Grossman: Changes like these won't notably alter the lives of these people at the top of the world. But they could be prelude to more serious problems. NASA scientist James Hansen says the two tiny light bulbs worth of heat that humans have added to each square meter of Earth's surface has brought the planet to the brink of a completely new chapter of climate history.

Hansen: We're becoming as warm as it has been in the last million years, and soon it will be warmer than it has been in the last million years. So we're really going into territory that hasn't been charted for a long time.

Grossman: For the last million years, the Earth has alternated between ice ages, which last about 80,000 years and warm periods, called interglacials, which are much shorter. We're currently about 11,000 years into an interglacial. We probably should be sliding toward the next ice age. Instead it's getting warmer.

[Sound of wind in Greenland]

Grossman: Heinz Miller is an expert on glaciers, a glaciologist. He says in order to figure out what happens next, scientists study what happened before.

Miller: And in order to understand this, we have to look at very many different stages of climate.

Grossman: Miller is a professor at Germany's Alfred Wegner Institute. At a base camp on Greenland's windswept ice sheet, he says researchers have only measured the climate systematically with precise scientific instruments like thermometers for about 150 years. Those measurements represent only a fleeting snapshot of Earth's past. However researchers have other ways to gauge climate further back in time.

Miller: And we find those, for instance, in sediments of the deep sea and we find them in tree rings or we find them lake sediments.

Grossman: Tree rings, for instance, tend to be thicker in wetter years. Lake sediments store pollen that shows what plants were growing. Cave stalactites hold evidence of past temperatures in fine rock layers. Cylinders, or cores, of glacier-ice contain climate records trapped in frozen water molecules.

Miller: Ice cores are a very special climate archive, because they will tell us about past temperatures and at the same time they will tell us about atmospheric composition.

Grossman: Glacier cores give scientists some of the most detailed pictures of past changes in climate because researchers can distinguish annual layers of ice like tree rings and count tens of thousands of years back in time.

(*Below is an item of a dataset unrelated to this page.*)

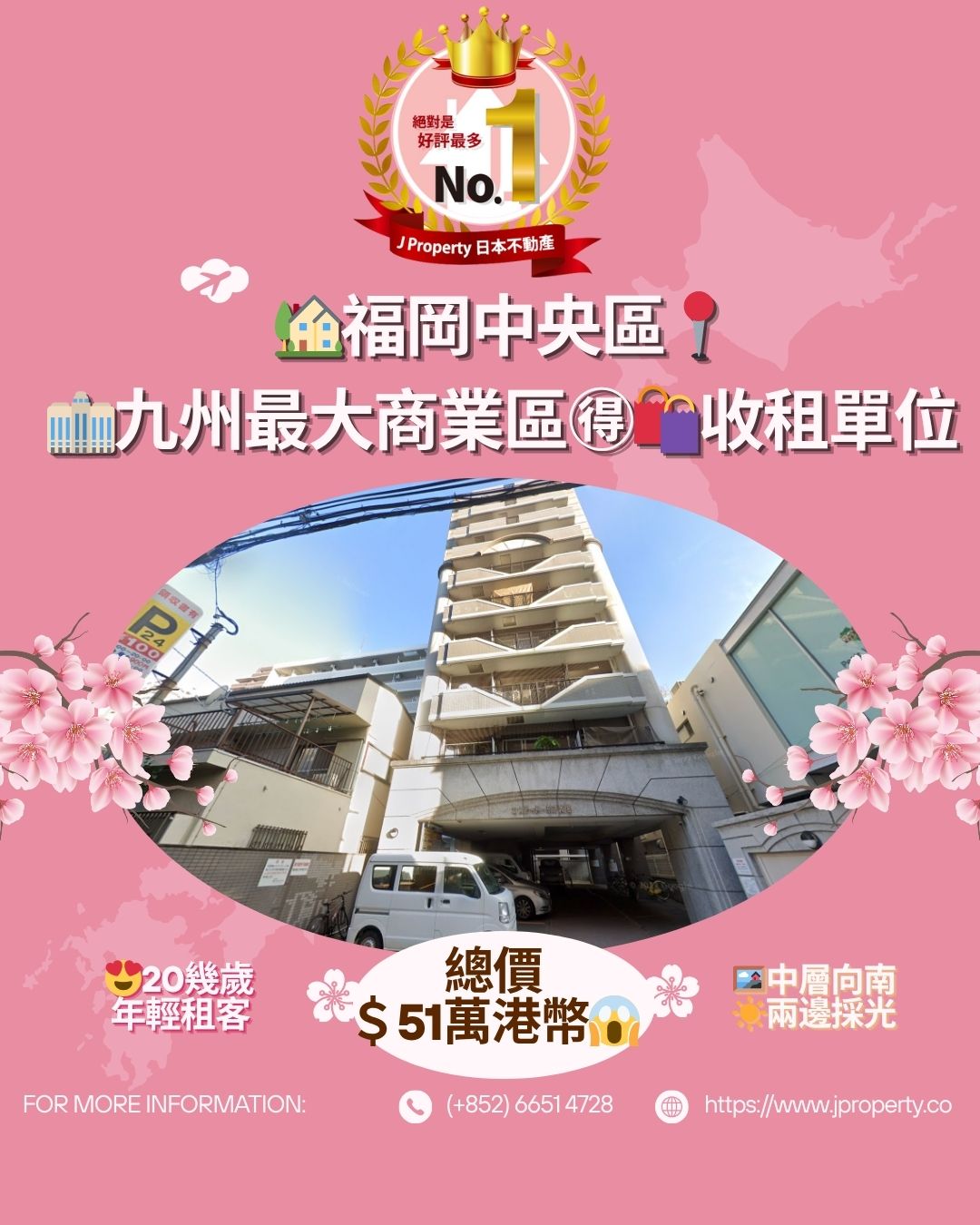 【最低匯率買日本樓你最醒】 福岡中央區,九州最大商業區,收租單位 ,20幾歲年輕租客,中層向南,兩邊採光 ,總價先係$51萬港幣

[Sound of exterior with plane taxiing]

Grossman: The absolute best place in the world to get a detailed record of what the climate has been doing for at least the last 140,000 years is the middle of Greenland on a massive glacier nearly two miles thick and about the size of the United States east of the Mississippi river.

Grossman: A team of European scientists, flown in by military transport planes, has set up a base here. Blindingly white ice and snow stretch for hundreds of miles in all directions.

[Sound of winch lowering cable. The whole Greenland section has a sound bed of sounds in the drilling area]

The researchers hope to drill a core containing ice tens-of-thousands of years older than any previous ice core sampled in the northern hemisphere. They're at work in a cavern they dug just below the surface.

Jensen: Thorsteinn, how deep are we now?

Thorsteinsen: 3,083 meters - 83.5.meters.

Grossman: Chief scientist Dorthe Dahl Jensen and driller Thorsteinn Thorsteinsen are lowering the core drill by a slender cable of steel wound on a spool the size of a trash can.

Jensen: We're getting there. It can't be more than two days of drilling left.

Grossman: Imagine the ice sheet is a two-mile thick chocolate layer cake. The drill, a motorized cookie cutter. The scientists cut out core samples about one meter, or one yard, long at a time Then the device is hoisted to the surface and the sample is removed.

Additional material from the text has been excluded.